BG: Without a doubt. As Rose Kushner says in the film, nobody would cut off a man’s limb without his permission while he was asleep, but if it came to a woman’s breasts, they did it all the time. There was this paternalistic attitude—a kind of disregard for the notion that women’s breasts might be important to them in some way other than to feed children. It took not only Bernie Fischer, but the activism of women with breast cancer to overturn that. I think it’s no accident that breast cancer has triggered the most intense activism of any kind of cancer. It’s these women who have underwent the worst, most disfiguring, most debilitating kinds of treatments.
MJ: Also, now, when you put a promising new cancer drug in clinical trials, you get a lot of people saying, “I don’t want to be in a randomized trial, I just want the drug.” Will you reflect on the ethics of that situation?
BG: It’s a difficult problem. This cycle of optimism followed by disappointment—the only solution is to subject these things to disciplined trials. In the case of Herceptin, Genentech responsibly resisted opening its trials to lots of women who simply wanted the drug. As [then-CEO] Art Levinson says in the film, you want to be able to look people in the eye and say, “I know this drug can help you,” and you can’t do that without a clinical trial. As harsh as that may seem, it’s the best way of determining efficacy. We have a scene with parents of a little girl who are weighing whether to enroll her in a clinical trial and they’re struggling with the idea that a computer is gonna randomly pick the treatment their child gets. It’s very hard for people to accept, but it’s scientifically necessary.
MJ: Knowing everything you know, how do you suppose you would approach treatment if you were diagnosed?

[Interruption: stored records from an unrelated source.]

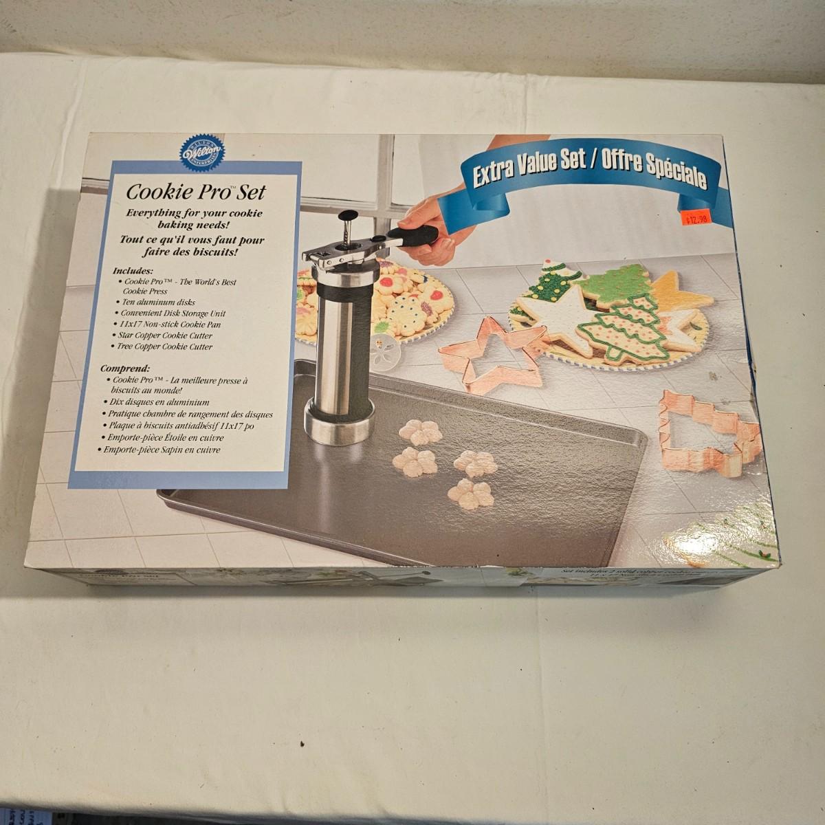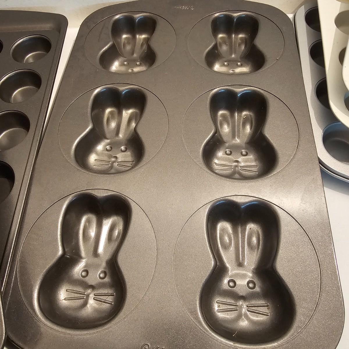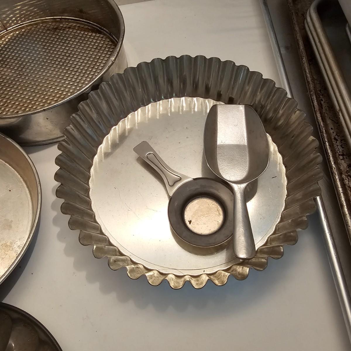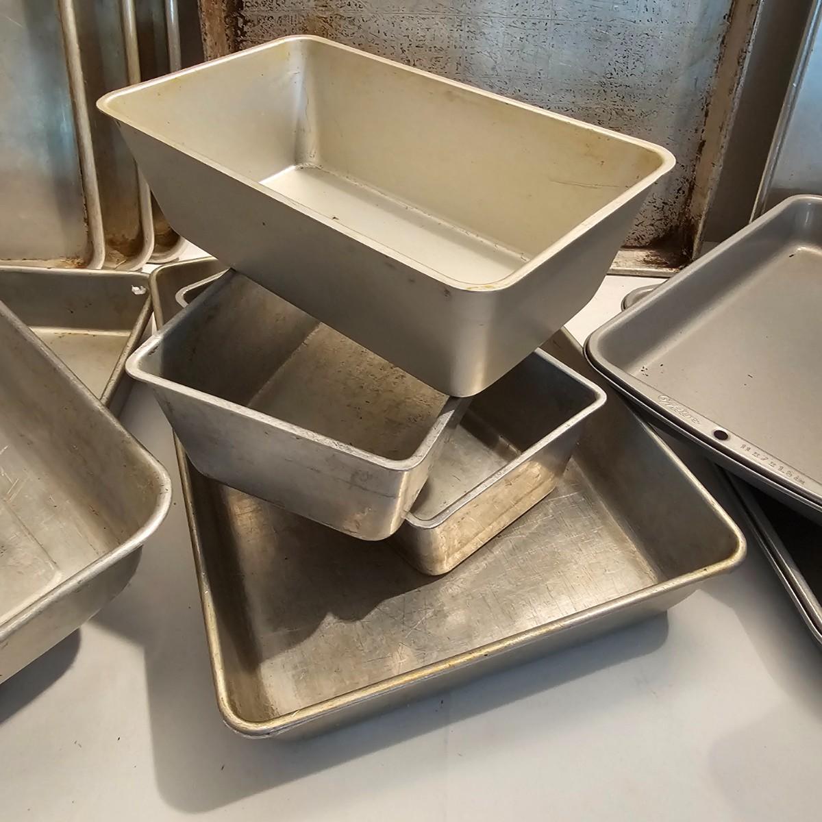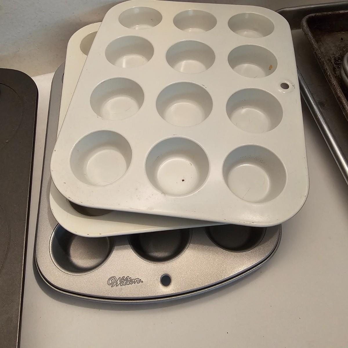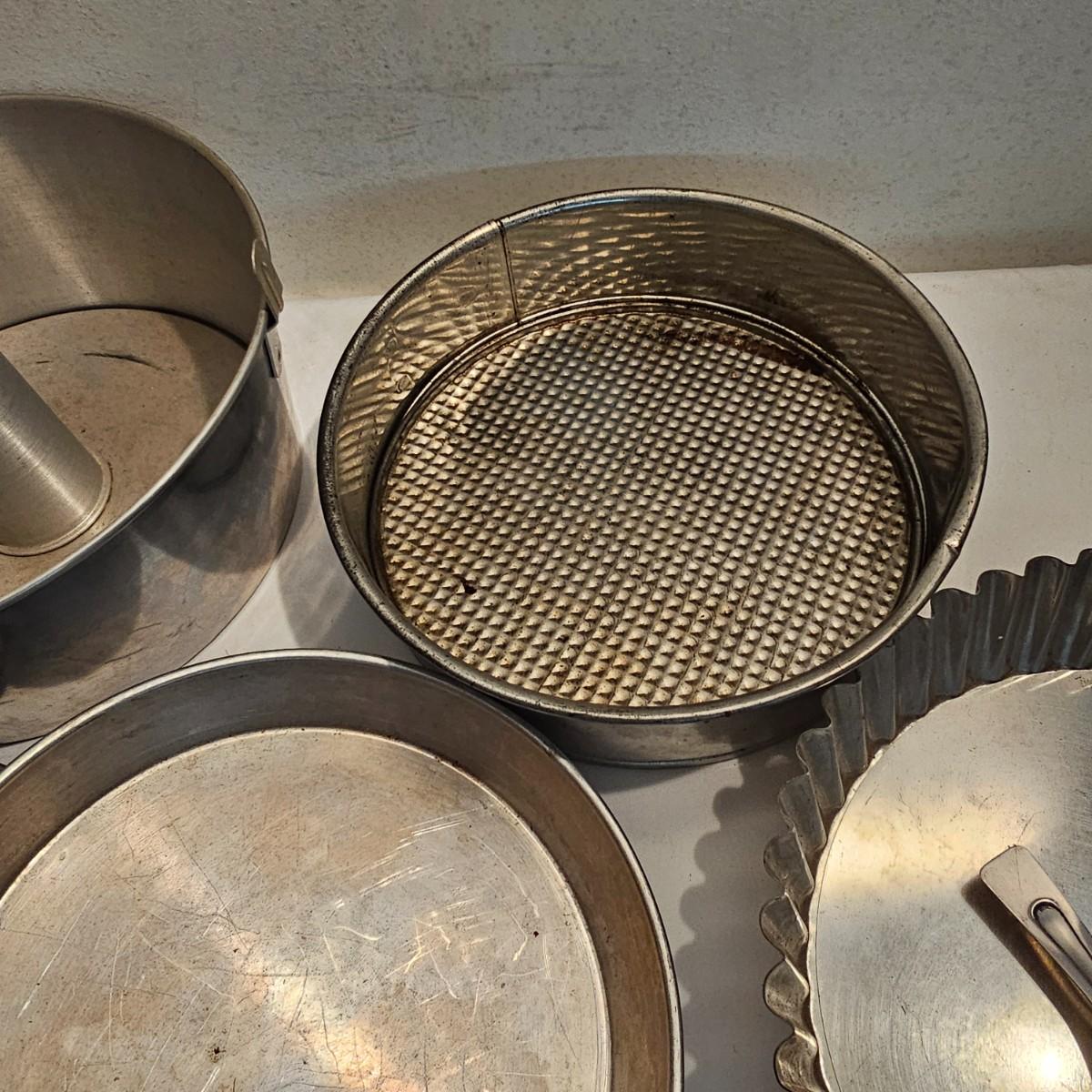 More than 40 pieces of bakeware from Wilton, Mirro, Kaiser and more. Flat trays, bundt pans, spring pans, cookie cutters and shooters, loaf pans, others. Largest flat tray is 26" x 18", large stainless bowl is 16"D, loaf pans are 9.25" x 5.25". Some newer items, some have seen use. See photos for details. Local pickup only.
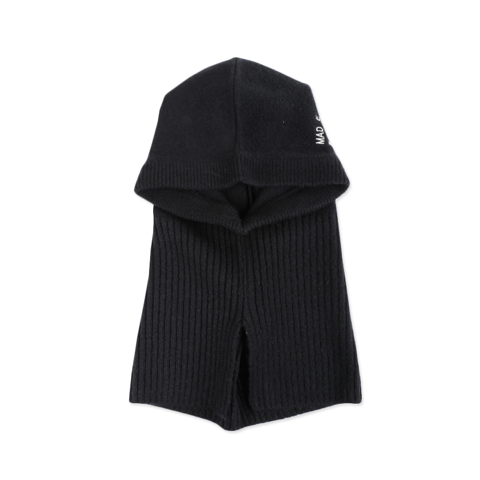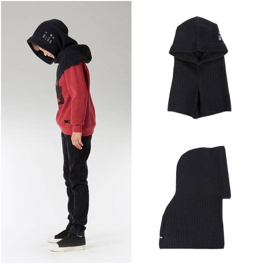 후드 옆판에 세련된 자수포인트가 제안된 딥한 컬러의 니트후드워머입니다.
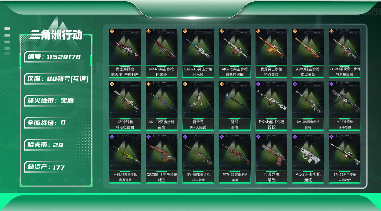[11529178]总资产:177.1M 1干员外观 1近战传说 11传说枪械 哈夫币:29.584K 顶级安全箱(3×3)9.15号到期 可二次 可修改实名 优质装备:近战-黑海,顶级安全箱(3x3) 烽火地带段位:黑鹰 全面战场段位:列兵 传说武器皮肤:AK-12突击步枪-夜鹰,AWM狙击步枪-捞点薯条,腾龙突击步枪-捞点薯条,AK-12突击步枪-特斯拉线圈,CAR-15突击步枪-阿米娅,SR-3M紧凑突击步枪-特斯拉线圈,UZI冲锋枪-特斯拉线圈,勇士冲锋枪-能天使-午夜邮差,复合弓-黑-天际线,M4A1突击步枪-阿米娅 史诗武器皮肤:AUG突击步枪-蝮蛇,PKM通用机枪-蝮蛇,Ash-12战斗步枪-守夜人,M16A4突击步枪-竞赛选手,PKM通用机枪-守夜人,AS Val突击步枪-尖端治疗,M700狙击步枪-守夜人,SG552突击步枪-尖端治疗,SR-25射手步枪-尖端治疗,MP5冲锋枪-深海恐惧,勇士冲锋枪-深海恐惧,AKM突击步枪-林中猎手,.357左轮-幸运时刻,M1014霰弹枪-林中猎手,SV-98狙击步枪-林中猎手,PTR-32突击步枪-英雄,SV-98狙击步枪-囚徒,M14射手步枪-黑鹰坠落,QBZ95-1突击步枪-曙光,沙漠之鹰-曙光,M700狙击步枪-竞技风 干员外观:露娜-黑·天际线
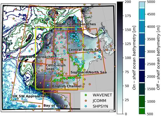 North-west (NW) shelf physical context and model domain. The NW shelf domain (black boundary) includes atmosphere, ocean and wave components; the inner region (1.5 × 1.5 km) of the Met Office Unified Model (UM) atmosphere model domain is also presented (yellow boundary). In-situ observations are shown as solid dots and areas for analysis across the model domain are indicated in red. In-situ observations comprise the Joint WMO IOC Commission for Oceanography and Marine Meteorology’s operational Wave Forecast Verification Scheme (JCOMM), Ship Synop Observations at fixed platforms (SHPSYN) and UK WAVENET and Chanel Coastal Observatory (CCO) in-situ observations for coastal waters (WAVENET).
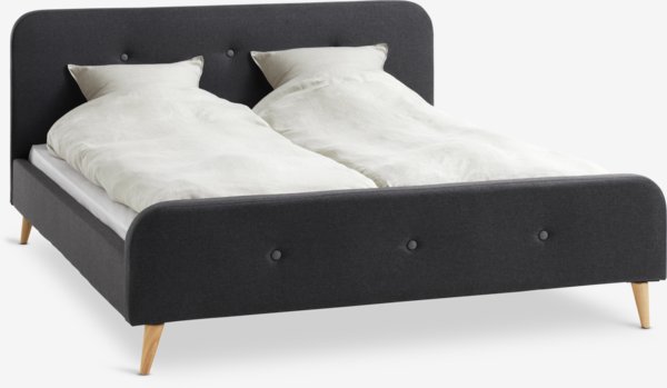 Tygklädsel och massivt trä. Passar till resårbottnar, resår- och skummadrasser 160x200 cm. Exkl. botten och madrasser. B174 x L216 x H101 cm

BG: I ask myself that all the time. I think I would probably try anything, simply because you hear these stories of miracles. They do happen. I was just with a woman the other night who had stage four metastatic melanoma, which was 100 percent fatal until recently. She was told she had months to live and she decided to take one more step and enroll in this immunotherapy trial at Memorial Sloan Kettering. Now she’s three years cancer-free with prospects of living a normal life. I certainly don’t judge anyone who decides not to do that. I admire, in a way, people and doctors who accept the overwhelming likelihood that you won’t be cured. But I probably would take the chance.
MJ: I’m still trying to get a handle on whether chemo even helps people, other than kids with Leukemia.
BG: The problem is, chemotherapy is a one-size-fits-all solution but cancer is different for every person—literally. I don’t understand all the intricacies, but it’s very hard to say, “You’re gonna benefit from chemotherapy, and you’re not.” You kind of gotta try it. One of the promising avenues of research, by the way, is getting a better sense for each person which mutations underlie their cancer. Almost like you’d get a blood test, you’d get a genetic test and then they are able to target those things.
MJ: How long before that’s routine?
BG: Not long at all. If you’ve got the money you can already do that. But the costs of these kinds of genetic tests are nose-diving. I’d say in 5 to 10 years almost everybody will have their cancer sequenced, and then a better set of decisions can be made. Right now they’re still throwing the kitchen sink at people. But that will change.